As of January 2026, the Home Health Stabilization Act has bipartisan co-sponsors in both chambers but has not yet received floor votes. Key milestones to watch:

  1. Committee hearings in House Ways and Means and Senate Finance
  2. CBO scoring of budget impact
  3. Potential inclusion in larger healthcare or budget legislation
  4. 2026 midterm implications if legislation stalls

Advocacy organizations encourage providers to contact their congressional representatives to express support for the legislation.

How to Take Action

For Agency Owners

  1. Contact your representatives through NAHC's advocacy portal
  2. Document the impact of cumulative cuts on your operations
  3. Share patient stories (with appropriate consent) about access challenges
  4. Join industry coalitions advocating for rate stability

For Frontline Staff

Your voice matters. Legislators respond to constituent stories about real-world impacts. If you've seen changes in patient access, staffing, or service quality related to funding pressures, sharing that perspective with elected officials can influence policy.

How CareCade Helps

While CareCade can't change federal payment policy, we help agencies operate more efficiently within constrained reimbursement environments.
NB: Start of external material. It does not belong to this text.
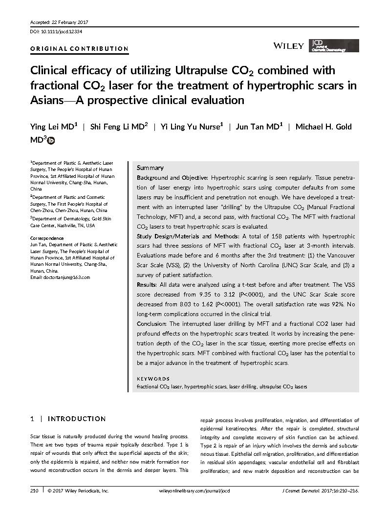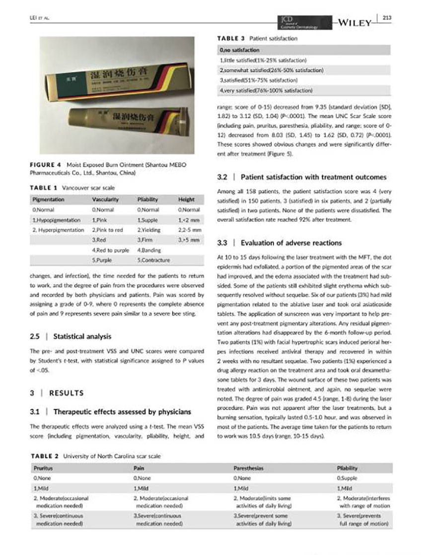 “湿润烧伤膏对超脉冲CO2点阵激光干预兔耳浅表性瘢痕真皮—表皮连接区组织学的影响”一文发表于中国出版的《中华医学美学美容杂志》及美国出版的《美容皮肤杂志》。

Reduce Administrative Overhead

Every hour spent on paperwork is an hour not spent on patient care—or an hour of unbillable labor cost:

  • AI session notes: Documentation in seconds instead of minutes
  • One-tap clock-in: GPS-verified time capture without manual timesheets
  • Automated unit calculation: 15-minute billing units calculated automatically

Optimize Scheduling Efficiency

When margins are tight, efficient scheduling directly impacts profitability:

  • Route optimization: Minimize drive time between clients
  • Conflict prevention: Avoid scheduling errors that create unbillable gaps
  • Smart matching: Match caregivers to clients based on skills and location

Maintain Compliance

Denied claims and compliance penalties erode margins further:

  • EVV compliance: Automated electronic visit verification
  • Documentation completeness: Ensure all required elements are captured
  • Audit-ready records: GPS, time, and service documentation for payer review

The Path Forward

The Home Health Stabilization Act represents a potential pause—not a permanent solution—to ongoing payment pressures. Even if passed, agencies will need to:

  • Continue efficiency improvements
  • Advocate for Medicaid rate adequacy at the state level
  • Invest in workforce retention to manage labor costs
  • Adopt technology that reduces administrative burden

The agencies that emerge strongest from this period will be those that used the stability window to build more resilient operations.